In spring 2026 Meta forced roughly 6,500 engineers and product managers into a new unit, reported as Applied AI and known internally as Agent Data Optimization (ADO), to manufacture training data for its models: coding problems, the tests that check them, and grades on AI-written code (WIRED; The Pragmatic Engineer). The reassignment was involuntary, employees have called the work soul-crushing, and the unit has been described as a gulag (TechCrunch).
Some reactions predict a death spiral, but I don't think that will happen. I predict a lot of attrition, and Meta not catching up much on the AI frontier.
A few other forecasts I did: I don't think "Muse Spark" is coming out anytime soon, and I don't think Facebook will entirely cancel their internal surveillance program.
| Forecast | Median | 50% range | 80% range |
|---|---|---|---|
| Next flagship model after Muse Spark | May 2027 | Feb to Oct 2027 | Nov 2026 to Mar 2028 |
| MCI surveillance fully terminated by end-2026 | 5% | n/a | n/a |
The story broke into the open on June 12, when WIRED reported an internal meeting where employees confronted Zuckerberg and TechCrunch detailed conditions inside the unit (WIRED; TechCrunch).

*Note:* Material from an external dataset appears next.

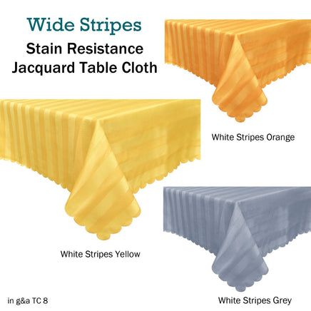 This tablecloth depicts elegance that is ideal for your home, formal events, or any occasion. It features a contemporary stripes jacquard design in bright colour tones that will instantly dress up your dining table. It is made from quality and stain resistant Polyester fabric with easy care properties. 135cm x 180cm Rectangle - 4 - 6 Seaters.

Around 4,500 to 5,000 of the conscripts are software engineers, roughly one in five or six of Meta's 25,000 engineers (The Pragmatic Engineer).
Keep two things about these numbers in mind from the outset, because much of what follows anchors to them. The 6,500 and 4,500-engineer figures, along with the leaked internal details, trace back to a narrow source pool, principally WIRED and Gergely Orosz's Pragmatic Engineer, both relying largely on anonymous current employees, plus The Information and Reuters. Meta has not published them. They are consistent across outlets but not independently confirmed.
Why do it at all? I tweeted about this at greater length, but the short version is that it fits Meta's history. Unlike Apple, Microsoft, or Google, Facebook never built a defensible technical core: its ad engine was borrowed from Google, its biggest wins were acquisitions, and it nearly missed mobile. Zuckerberg has spent the years since the 2012 IPO cash-rich but hunting for a proprietary edge, from the Facebook phone to Libra to Oculus. AI has run the same arc. The open Llama models were the first try and stalled on talent and infighting; paying superintelligence wages for outside researchers and $14.3B for 49% of Scale AI, whose founder Alexandr Wang now runs Meta Superintelligence Labs, was the second and did not obviously work; and conscripting his own engineers to manufacture a unique, defensible dataset is the third. It is dystopian, and he will probably lose some of his best people, but it is a recognizable move: spend the resources you actually have, an army of strong engineers and a business that throws off around $25B a year in profit.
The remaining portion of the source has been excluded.